In February, they plan to shoot a television pilot titled Be the Church. The pilot, written and to be directed by Howell, is described as part workplace comedy and part dysfunctional family comedy, similar to shows like The Office and It’s Always Sunny in Philadelphia. The spin? It’s set in a church and provides what the women call a “fishtank” view of faith, highlighting both its pros and cons. But just because the show focuses on religion doesn’t mean it’s tame. The show’s tagline alone — “This is some holy shit” — proves that the subject matter won’t alienate fans of secular comedy.
Howell and Smith prove that opposites really do attract and can work together in harmony. Howell is a pastor. Smith, the pilot’s creative producer, is a religious skeptic. One hails from the East coast, the other from California. Their working relationship is evidence that when creative people put their heads together, they can push towards success.
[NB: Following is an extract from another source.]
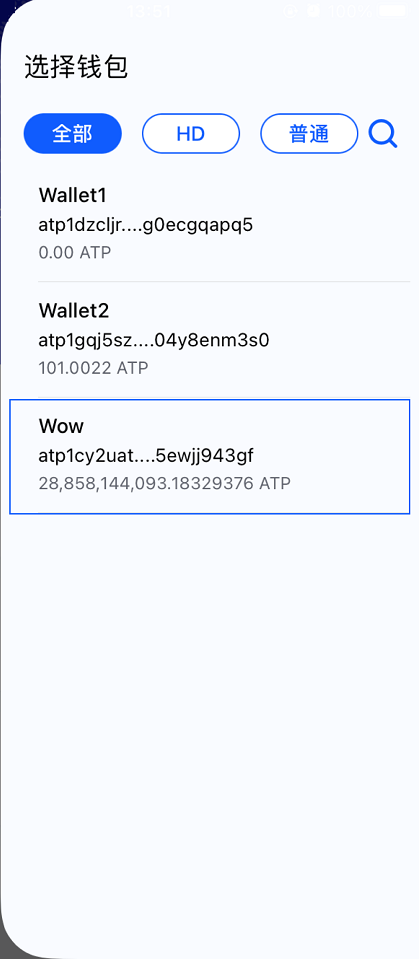 2. 可按“全部”、“HD”、“普通”进行分类筛选,也可通过钱包名称模糊搜索或钱包地址进行精确搜索。

Howell and Smith have relied heavily on social media to get the word out about their project. Howell posts updates about the project on her blog and Twitter account. Last July, the pair started a Twitter project to coincide with Howell’s birthday. The campaign sought to encourage a famous actress to read the pilot. The hundreds of tweets that went out in support of the endeavor were incredible. While the actress could not participate in the project due to a contract with another series, the experience was an eye-opening one, emphasizing the far-reaching power of social media.
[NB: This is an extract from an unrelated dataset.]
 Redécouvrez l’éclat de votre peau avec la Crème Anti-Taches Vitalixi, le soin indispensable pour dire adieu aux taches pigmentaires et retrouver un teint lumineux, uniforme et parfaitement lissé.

Howell and Smith have now extended their social media presence to include an IndieGoGo campaign. They need to raise a little over $15,000 by January 20th, and they’re looking to friends, family, and kind strangers to help them reach their goal. There are even rewards — like the opportunity to be an extra or get your name in the credits — for contributing. The duo is in the process of putting together a reliable cast and crew, and they’d value your help. Even if you can’t afford to donate money, Howell and Smith encourage and appreciate help in various forms, as outlined on their campaign page.
The impact social media has had on their project has led the pair to consider online distribution for their show. It’s certainly a growing industry. Various series, like the comeback season of the beloved sitcom Arrested Development (a show Howell is inspired by), are being distributed on online streaming sites like Netflix and Hulu.
Howell and Smith are great examples of the active roles women can play in film and television production, and hopefully their experience will encourage other young women to make their creative dreams come true.